In her latest interview, with Harper’s Bazaar, the 39-year-old Winslet is emphatic about not bowing to the body-shaming media in any way. Indeed, she rightly turns the body-shaming right back on the media.
“There’s a big part of me—now, more than ever before—that feels a sense of responsibility for how other women view themselves,” Winslet said.
Referring to having her third child, Bear, in 2013, Winslet added, “Take having the baby, for instance. Have I actively been on a diet to lose my baby weight? No, I haven’t. I genuinely bloody haven’t. I so didn’t want to be one of those, ‘Oh, wow, she’s back in shape after 12 weeks’ women. When I read things like that I just think, ‘Oh, for f**k’s sake, that’s actually impossible.’”

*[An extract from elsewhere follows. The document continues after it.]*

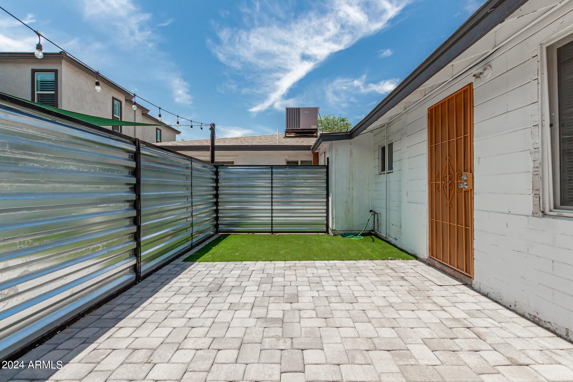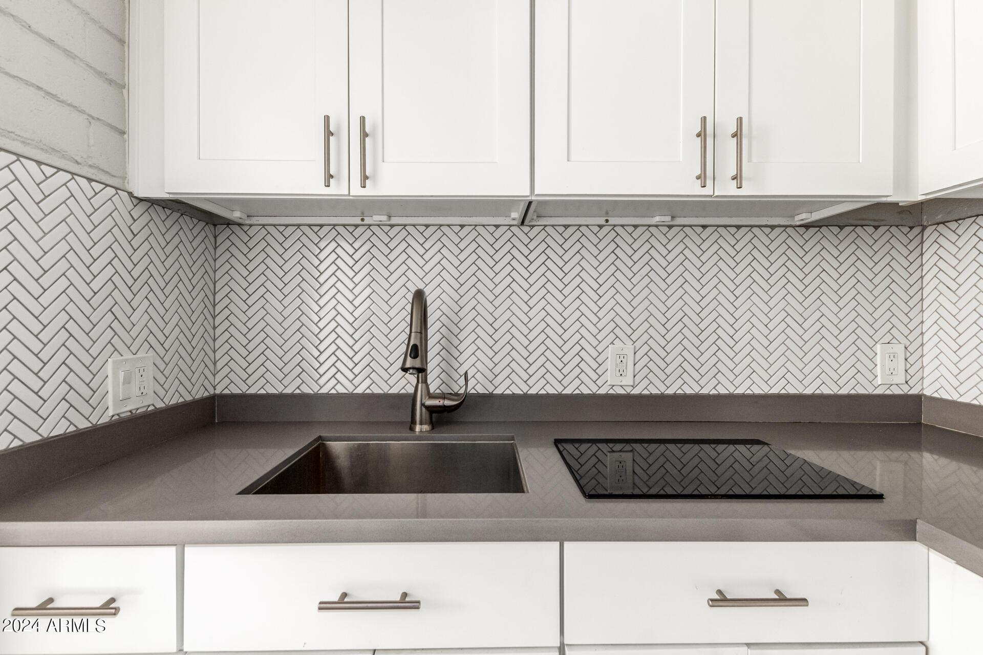 Low-maintenance efficiency unit with a spacious fenced backyard, pavers, and artificial grass. Interior features gray plank tile throughout, an open living space, and a tiled walk-in shower. Kitchen includes quartz countertop, tile backsplash, white cabinets with handles, electric cooktop, and refrigerator. Available for touring.

“I want to keep my health and my sanity and be well fed and happy,” she also said. “My body will never go back to what it was and I wouldn’t expect it to after three babies.”
Let’s allow ourselves a “hallelujah” here.
Ironically, her wise words come as reports are already questioning why Winslet looks so thin in the Harper’s Bazaar shoot, and so “curvy” in a set of pictures of her standing in the sea a few weeks ago.
Of course, the reports don’t make clear the time difference between the two sets of photographs being taken, or if the Harper’s shoot was Photoshopped.
Winslet has spoken out about her pictures being doctored before—most famously in GQ in 2003—yet a Vogue cover of Winslet was Photoshopped in 2013.
It’s unclear if Winslet or her representatives sought or greenlit these Photoshopped changes to her magazine pictures (including this week’s Harper’s Bazaar cover). But if she is OK about being made to look different on the cover of magazines, then is she helping to promulgate the ridiculous ideals of body perfection magazines foist on their audience?
She may not want to be “one of those, ‘Oh, wow, she’s back in shape after 12 weeks’ women,” as she puts it, but for her own starring moments she has a team of stylists—and perhaps digital aid—to look her best on the page, unlike most women after they give birth.
“I have wrinkles which are very evident,” Winslet has said. “I will particularly say when I look at movie posters, “You guys have airbrushed my forehead. Please can you change it back?”'
Again, this is admirable, yet still the suspiciously wrinkle-free forehead remains on the most recent Harper’s Bazaar cover.
If Winslet was truly proud of how she looked, and so damning of being to made to feel she should look any different, then why allow herself to be made to look so different in the magazines she appears within, or the movie posters she appears on?
The harsh truth is she doesn’t own her image. The ultimate control does not lie with her—but rather the magazines and movie studios themselves. Of course, you can be against body-shaming and still agree to be Photoshopped—but if you’re going to speak out on the iniquities of the former, it makes sense to clarify the latter.
Whatever the truth about Kate Winslet’s body—how it is in reality versus how it appears in magazines and on big screens, what she says about it and what is written about it—the strangest thing is the powerlessness of the performer to control how that body is ultimately presented to the public.
Still weirder: the magazines that are doing the retouching are doing it presumably because they judge their readership wants retouched, glamorous bodies rather than ‘real’ ones, and they make this judgment on presumably commercial ground—bluntly, because readers have signaled they want it that way. We’re all complicit in the hall of mirrors that presents itself on red carpets and on our magazine racks.
The solution is to set up a new magazine, Real Vogue, where Winslet and other out-and-proud body-truthers like her can be photographed as they are, with wrinkled foreheads and natural baby weight.
One hopes such a magazine would sell well, although one suspects we’ll carry on buying into the more familiar, airbrushed fantasies.